16. Counsel urged that the failure to set out, verbatim, the whole articles did not prejudice the respondent since they were furnished with the entire articles in the bundle of documents; that reproducing the articles in the plaint would have resulted in bulky pleadings and in a bid to promote efficiency, the articles were included in the list of documents.

17. It was submitted that the overriding objective under Sections 1A and 1B of the Civil Procedure Act, Sections 3A and 3B of the Appellate Jurisdiction Act and Article 159(2)(d) of the Constitution should be invoked to ensure just determination. The case of Stephen Boro Gitiha v Family Finance Building Society & 3 others [2009] eKLR was cited for the proposition that the overriding objective overshadows all technicalities and rules.

18. Miss. Muvindyo did not offer any submissions maintaining that her hands were tied and left the matter to the Court.

19. We have considered the appeal and the submission in keeping with the power of re-appraisal of the evidence under Rule 31 of the Court of Appeal Rules, 2022 with a view to drawing our own conclusions.
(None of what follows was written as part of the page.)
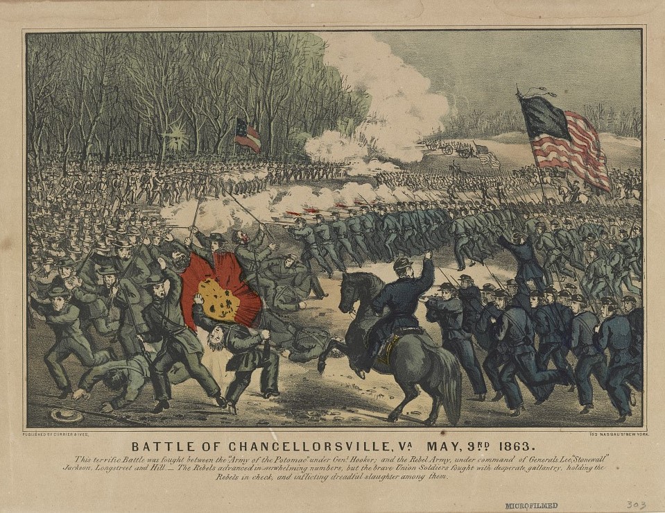 The following day, May 1, the Regiment was positioned with the right, flanking the plank road that extends from Fredericksburg to Chancellorsville and the left, flanking the river. They waited all day for an assault that never came while listening to the distant crash of war. The next day, they were moved to fill a gap on the right flank; here again, they heard the roar of battle as they fixed fortifications and turned all the local structures into blockhouses. Brigadier General Thomas Francis Meagher visited the line in the afternoon to encourage his men. A little later, an officer rushed to the commander to report on the enemy’s progress. Just then, a startled deer fled through the battlefield just before Confederate General Stonewall Jackson’s 26,000 men launched a surprise attack on the Union Army’s right side. The musket fire intensified, and Union soldiers, particularly from the Eleventh Corps, began to panic and retreat in confusion. Some got caught in the abatis (defensive obstacles), while others frantically tried to flee. However, Brady and the 116th Pennsylvania and others in the Irish brigade remained steadfast, blocking and reorganizing the fleeing soldiers.

We can only interfere with the decision of the learned Judge if satisfied that the judge misdirected herself in law; or that she misapprehended the facts; or took account of considerations of which she should not have taken account; or failed to take account of considerations of which she should have taken account, or, that her decision, is plainly wrong. See. United India Insurance Co Ltd, Kenindia Insurance Co Ltd & Oriental Fire & General Insurance Co Ltd v East African Underwriters (Kenya) Ltd [1985] eKLR. We bear that in mind in considering this appeal.

20. It is not in dispute that other than setting out the headings or titles of the articles complained of in the plaint, the appellants did not in their plaint set out or indicate the words or portions of the articles they claimed to be defamatory. It was on that basis that the the learned Judge, in dismissing the appellants’ suit, stated that in libel cases, the very words complained of are the fact on which the action is grounded and must be set out in the plaint.

21. The Kiswahili versions of the articles complained of are not part of the record of appeal before us. What is included in the record are the English translations of the articles. In the article published on 11th August 2001 under the heading “Wanafunzi Kukosa Mtihani was KCSE” (students to miss KCSE exam), the author Anthony Nyongesa, in a three page write up, posited that it is likely more than ten students of Kahuho High School would not sit the National KCSE exam at the end of the year. The article published on 26th August 2001 by the same writer was titled “Hofu ya wazazi kuhusu wana wao” (Parents worry about their children)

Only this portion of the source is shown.